- July 23, 2021
- Posted by: Tanu Shyara
- Category: blockchain
Transactions must be authenticated and authorized before they can be added to the blockchain.
A transaction must go through a number of critical steps before being added to the blockchain. Today, we are going to focus on authentication using cryptographic keys. On the authority on proof-of-work, the role of mining, and the recent adoption of proof-of-stake protocols in post-blockchain networks.
The original blockchain was designed to operate without a central authority. (i.e. no bank or regulator controlling the transaction), but the transaction still has to be authenticated.
This is done using a cryptographic key, a string of data (like a password) that identifies the user and grants access to their account or wallet value on the system.
Each user has their own private key and public key that everyone can see. Using both of these creates a secure digital identity for the user to authenticate through a digital signature that unlocks the transaction they wish to perform.
Once a transaction is agreed upon between users, it needs to be approved and authorized before a block can be added to the chain.
For public blockchains, the decision to add transactions is made by consensus. This means that most nodes (or computers in the network) must agree that the transaction is valid.
Those who have computers in the network are encouraged to verify transactions through rewards. We know this process as proof of work.
3. Proof of Work:
Proof of work requires that people with computers in the network must be able to connect blocks to solve a complex mathematical problem. Solving problems is known as mining, and miners are usually rewarded for their work in cryptocurrencies.
But mining is not easy. A mathematical problem can only be solved by trial and error. And the probability of solving the problem is about 1 in 5.9 trillion. This requires substantial computing power which uses a considerable amount of energy.

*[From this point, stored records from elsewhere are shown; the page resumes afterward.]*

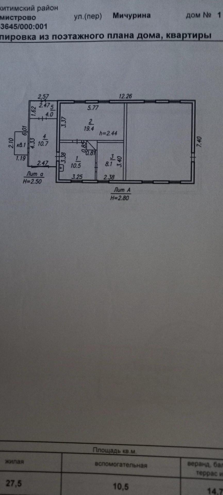2-комнатная квартира, 38 м2, этаж 1 / 1, на продажу в деревне Бурмистрово, улица Мичурина, 1
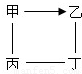 右圖中“→”表示甲在一定條件下可以轉(zhuǎn)化成乙,“—”代表相連的兩物質(zhì)間在一定條件下可以發(fā)生反應(yīng),甲、乙、丙、丁分別表示一氧化碳、碳、氧氣、二氧化碳中的某一物質(zhì),請(qǐng)分析下列結(jié)論正確的是
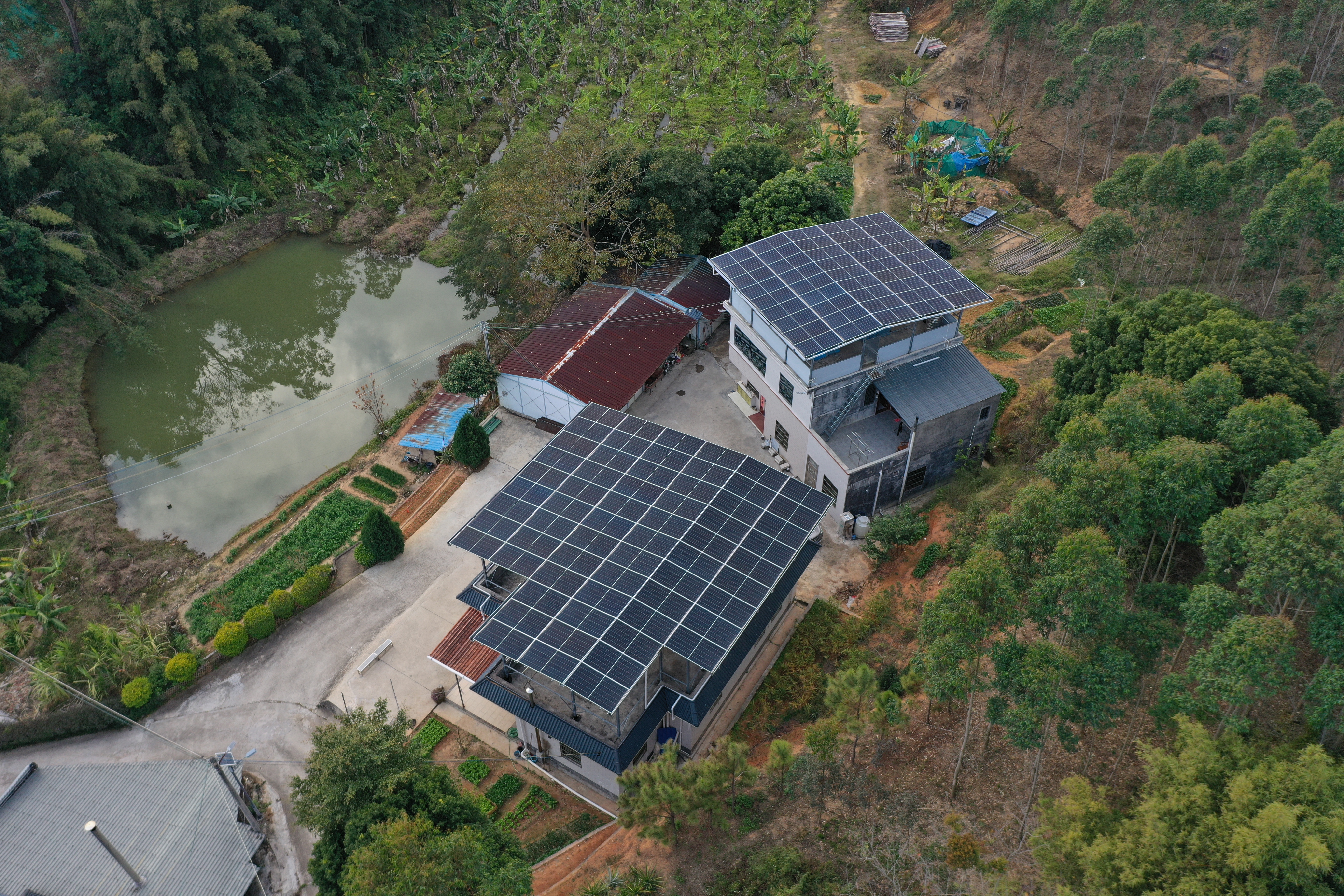村民房頂裝上太陽能光伏板。
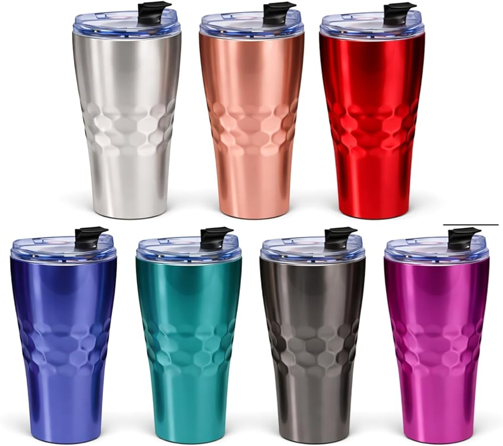 Keep your drink at the perfect temperature throughout your day. Double wall stainless steel vacuum insulation coupled with an interior layer of copper coating keeps your beverage cold for up to 24 hours and hot for up to 8 hours. Twist-texture design adds a great look along with a comfortable grip. Easy-to-use lid design slides open and close and is also straw compatible. 20 oz capacity is the perfect sipping size to get you through your day and is also single-serve compatible.
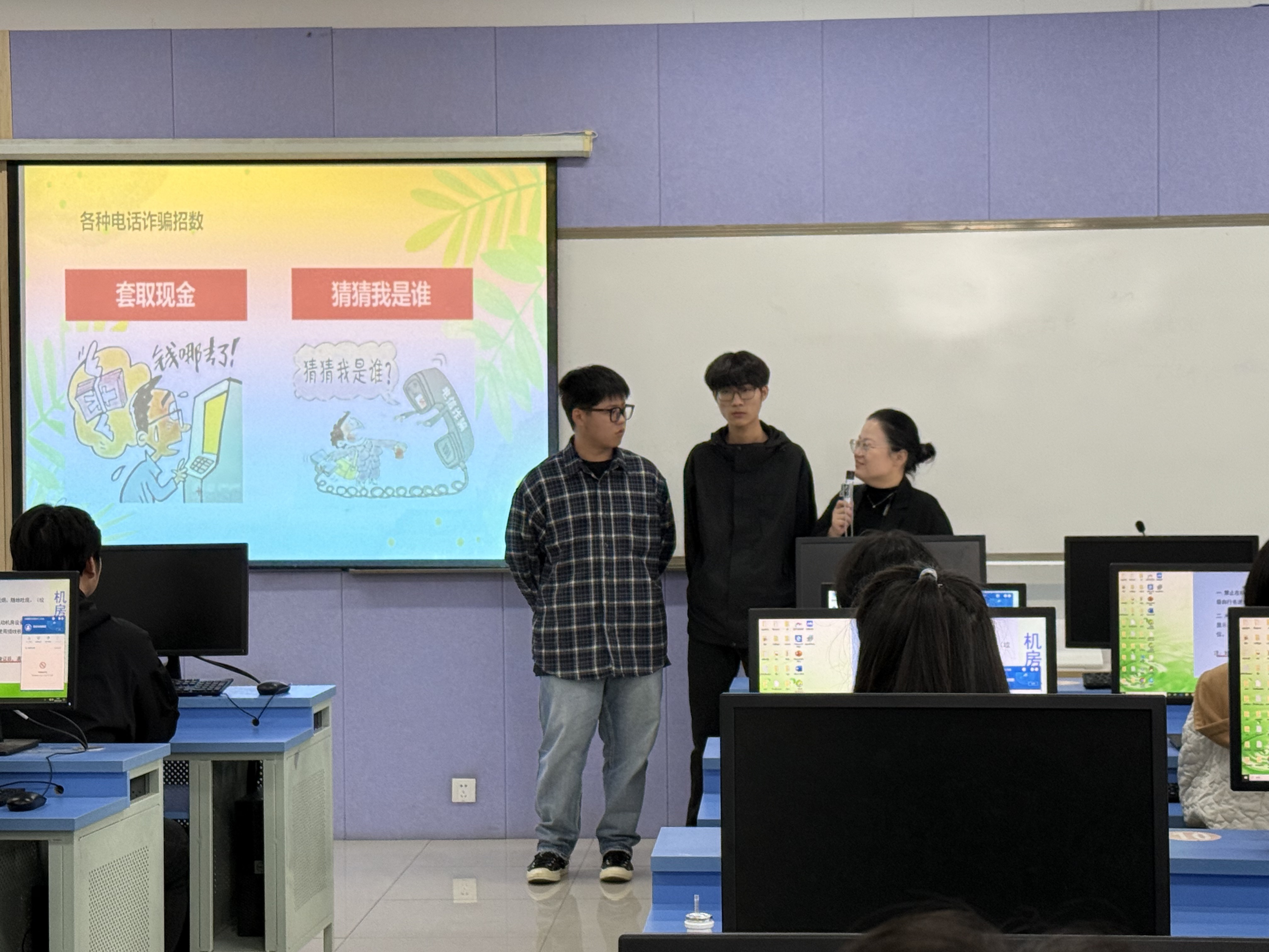 最后的“校园安全与防范教育”环节,辅导员结合近期我们学生被骗及各类安全案例,重点普及了宿舍防火、实训室操作、电信诈骗等防范知识,提醒同学们警惕网络虚假信息,牢记安全自救常识,筑牢个人安全防线。

This means that the reward for mining must exceed the cost of the computer and the electricity to run them, as it would take years for a computer alone to find a solution to a mathematical problem.
4. The Power of Mining:
The Cambridge Bitcoin Electricity Consumption Index estimates that the bitcoin mining network consumes approximately 70 terawatt hours (TWH) of electricity per year, making it the 40th largest consumer of electricity by ‘country’. By comparison, Ireland (ranked 68) uses more than a third of bitcoin consumption, or 25 TWH, according to 2016 data compiled by the CIA, and Austria at number 42 consumes 64.6 TWH of electricity per year.
5. The Problem with Proof of Work:
To create the scale of the economy, miners often pool their resources through companies that mobilize a large group of miners, then these miners share the rewards and fees through the blockchain network. As the blockchain grows, try to add more computers and solve the problem. The problems get harder and the network gets bigger and then theoretically distributed further down the chain. It sabotages and unites that become more difficult.
While in practice, some mining power has become concentrated in the hands of a few pools, large organizations now have the vast computing and electrical power needed to maintain and develop a proof-of-work verification-based blockchain network.
6. Proof of Stake:
The blockchain network has since adopted a “proof-of-stake” verification consensus protocol, where participants must have a stake in the blockchain. Usually owners of certain cryptocurrencies have the opportunity to select, verify and verify transactions. This saves substantial computing power resources as no mining is required.
In addition, blockchain technologies have evolved to include “smart contracts” that automatically execute transactions when certain conditions are met.